▶ [Exercise details]: With the pictures removed, write out the full listing below exactly.

Start of Raw data

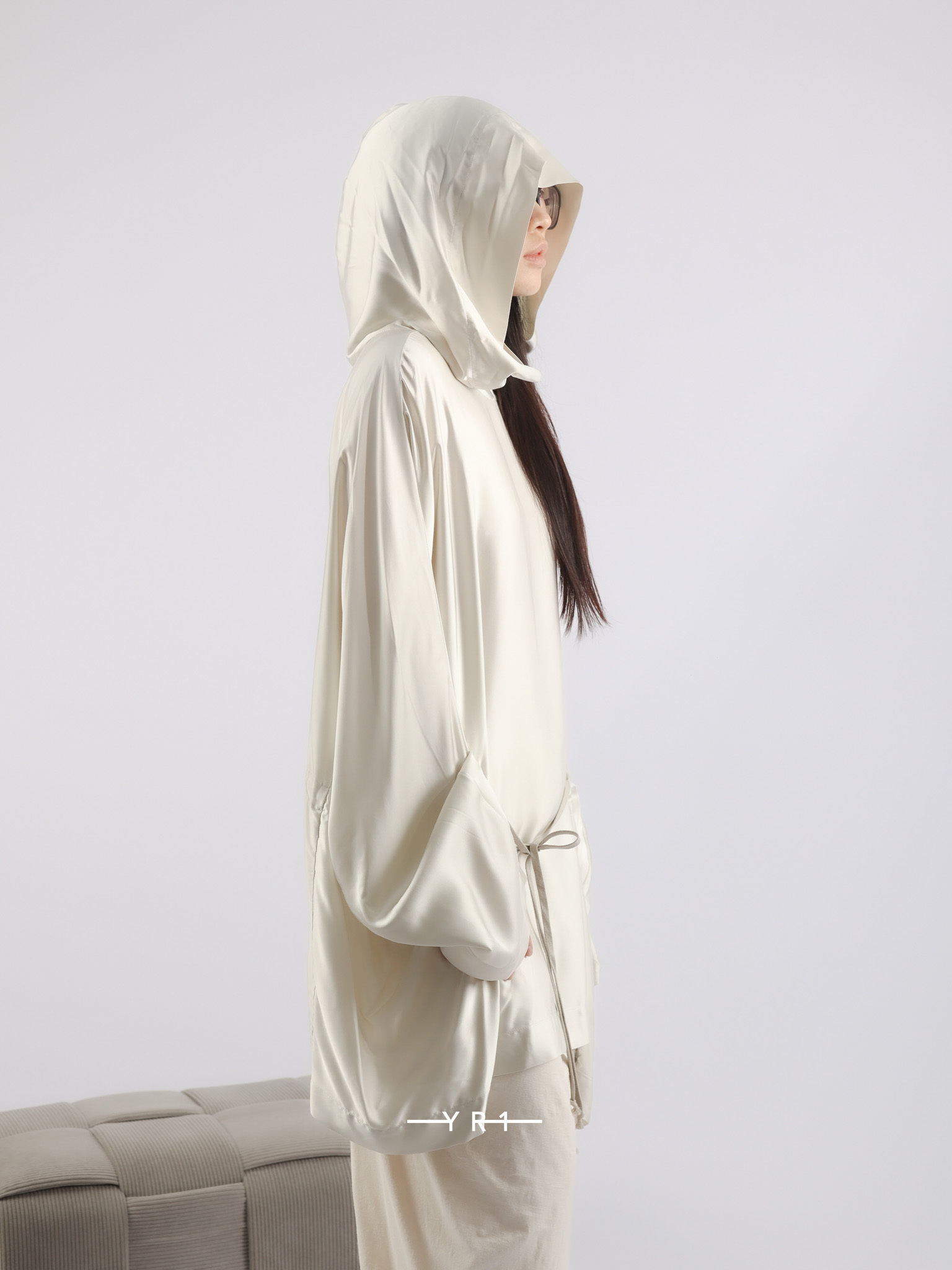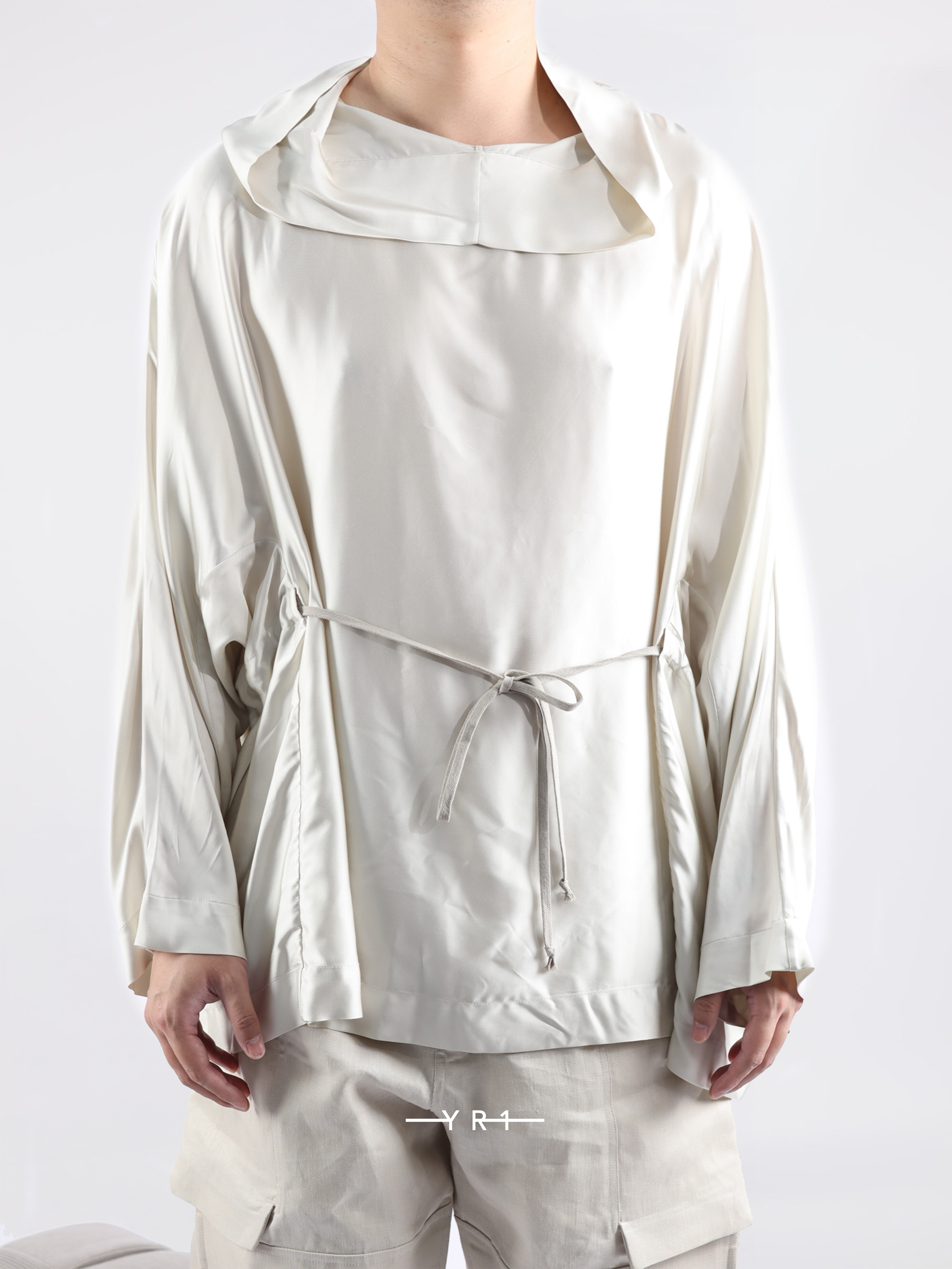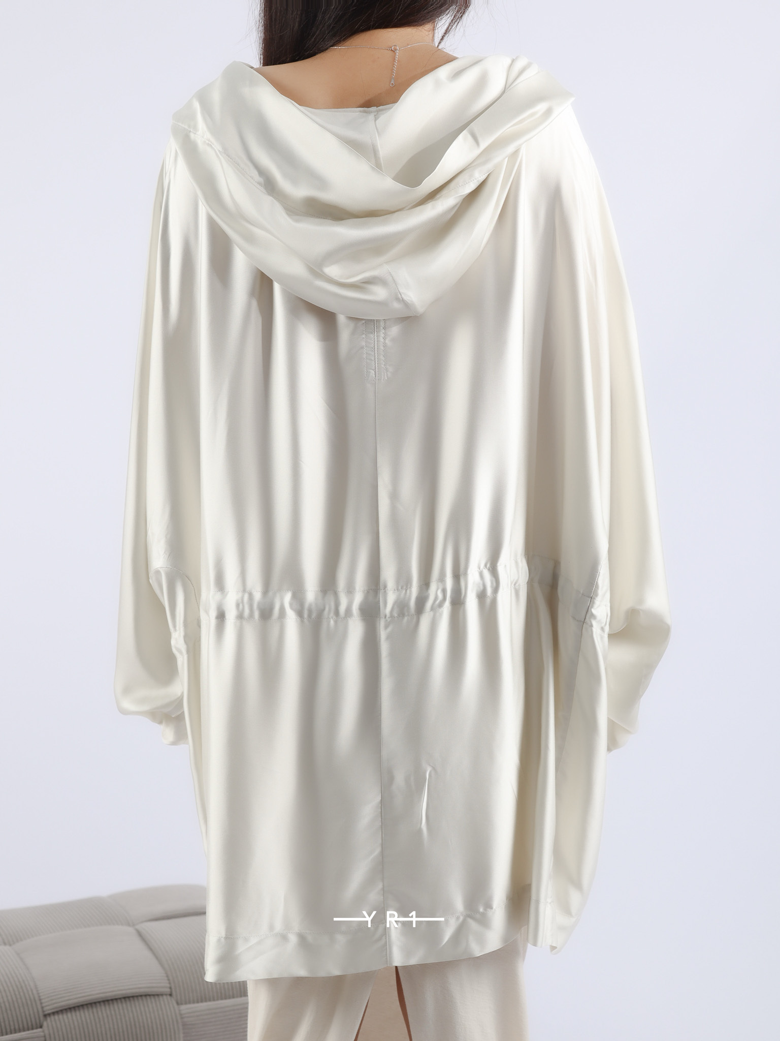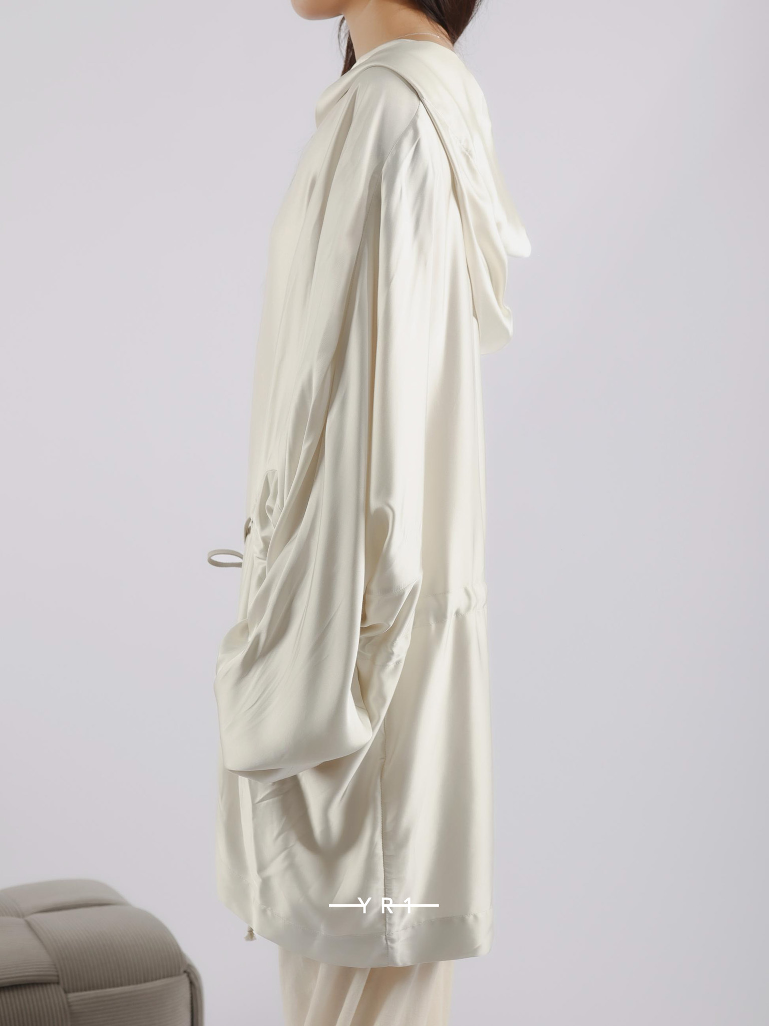 HOLLYWOOD 秀款连帽束腰绉缎外衣
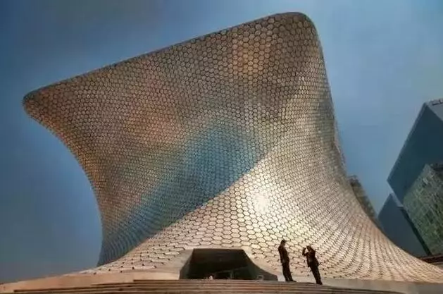 14.墨西哥Soumaya博物馆 这座博物馆是一个有机的多维建筑,不透明的外墙用大量六边形的铝制模块搭建,看上去有点像古代武士的锁子甲,独特的形状造就了其强大的存在。
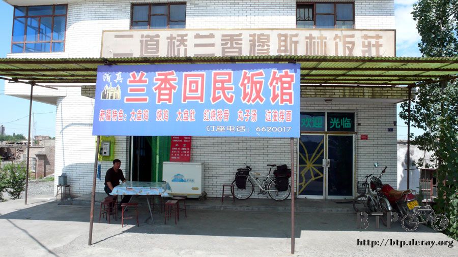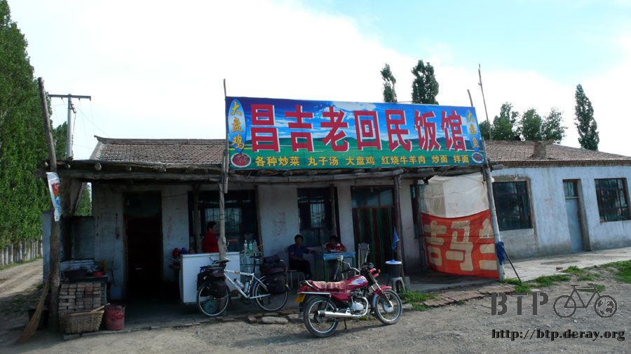 在沙灣的郊區,一間不起眼的回民餐廳吃炒麵,看來不騎到奎屯是真的沒地方能讓我住宿。

End of Raw data

▶ [Response for this exercise]:
 HOLLYWOOD 秀款连帽束腰绉缎外衣
 14.墨西哥Soumaya博物馆 这座博物馆是一个有机的多维建筑,不透明的外墙用大量六边形的铝制模块搭建,看上去有点像古代武士的锁子甲,独特的形状造就了其强大的存在。
 在沙灣的郊區,一間不起眼的回民餐廳吃炒麵,看來不騎到奎屯是真的沒地方能讓我住宿。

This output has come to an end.